Lauren : Savage Saviour

2.6K 519 73
                                    

Sampai berhari-hari kemudian, aku masih bisa merasakan bibir Henry pada bibirku

Ups! Gambar ini tidak mengikuti Pedoman Konten kami. Untuk melanjutkan publikasi, hapuslah gambar ini atau unggah gambar lain.

Sampai berhari-hari kemudian, aku masih bisa merasakan bibir Henry pada bibirku. Tilda sering memarahiku karena jadi sangat ceroboh. Aku jadi suka melamun dan sering terjatuh. Dia sampai memintaku duduk saja daripada kepalaku pecah karena terjatuh dari tangga atau membentur dinding.

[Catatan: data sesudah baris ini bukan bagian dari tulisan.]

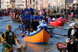 A velencei karnevál vízi parádéja a Canale Grandén 2025. február 16-án.

Malam itu aku diminta merajut selimut untuk musim dingin nanti. Namun, yang kulakukan hanya duduk di kursi goyang ruang tengah rumah Tilda sambil membayangkan betapa baiknya Henry padaku, betapa lembut sentuhannya pada kulitku. Menyenangkan sekali.

"Apa kau suka?" tanya Tilda tiba-tiba.

Tentu saja aku langsung menjawab, "suka. Aku suka sekali. Dia tampan sekali." Kuharap Tilda segera menikahkan kami.

Tilda melihatku dengan tatapan bingung. "Maksudku, apa kau suka dengan piring yang akan kubawa ke festival musim panas Veinmere?"

Wajahku jadi panas. "Festival?"

Tilda tertawa pelan, sadar kalau aku tidak melihat piringnya. "Semua orang akan membawa makanan ke Downtown, menyaksikan kembang api dan tarian Veinmere. Mereka akan memakai pakaian yang indah-indah. Kita akan bertukar makanan dan berpesta di sana. Menyenangkan sekali. Kau bisa berdansa semalaman dengan Henry juga."

"Tapi, aku tidak punya pakaian yang indah-indah."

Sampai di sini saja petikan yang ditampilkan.